A traffic peak that occurs in one or more of your neighbor websites, can cause your website to slow down or even become unavailable. If your shared host does not take certain precautions to avoid negative effects of traffic peaks, they will generate bottlenecks, and all websites that share the same server will suffer from it.

Sounds pretty bad, huh? Don’t worry, you can test your host performance to see how well they deal with the pressure, and if you are not satisfied with the results, you can always choose to go with another host or upgrade to VPS hosting.

Monitoring your website

Before signing up with a website monitoring service, you can do some testing yourself in real time:

  1. If you suspect your site is down, check whether it is unavailable to you only, or to everyone else as well. To test it, use this tool.
  2. To test your website response time from different locations around the world, you can use host-tracker.

These tools are suitable for point testing your site responsiveness at a specific time.
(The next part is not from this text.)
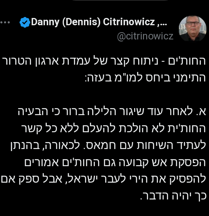 متابعات../ نشر الباحث الصهيوني المختص في شؤون الشرق الأوسط وإيران” داني دينيس” تحليلاً وصفه بالموجز لموقف جماعة “الحوثيين” من مفاوضات غزة من المنظور “الإسرائيلي”. ووفق الكاتب الصهيوني فإن مشكلة “الحوثيين” لن تزول تمامًا عن إسرائيل، أيّاً كانت نتائج الحرب في غزة ، لذا ثمة حاجة إلى وضع استراتيجية طويلة المدى للتعامل مع هذا العدو أي […]

Next, I highly recommend to sign up (for free) to an online service that will test your site’s up time and response time 24/7.

I decided to go with Pingdom (no, it’s not a sponsored article) simply because they have been around for many years and they seem to be reliable.
My free account there allows me to monitor a single website and send up to 20 SMS alerts to my mobile phone. In addition, I receive email alerts if the site goes down.
There are 3 check resolutions to select from. every 1 minute, 5 min or 15 min. I went with 15 minutes because it seems frequent enough for me at this time.

As you can see in the graph below, my site was down for 1 hour in the passing week, which is less than 1% and therefore considered to be normal.

The response time graph below, however, seemed problematic (I’ll explain why in a minute), so I used a view called “detailed log” and exported it to an excel file to view more details on each response time – the location of the testing server and at what time exactly it took place.

In my article series on how to choose the right web host, I explained that the proximity of the visitor to the host server, effects website loading time and user experience. Unfortunately, I noticed that even though my host server is located in the US, Pingdom’s US based servers recorded a slow response time of 1 second or more.

These results made me think it might be a good time to leave shared hosting and move my blog to VPS or even dedicated server.

Are you in shared hosting? Are you satisfied with it? Do you monitor your site? Which tools do you use?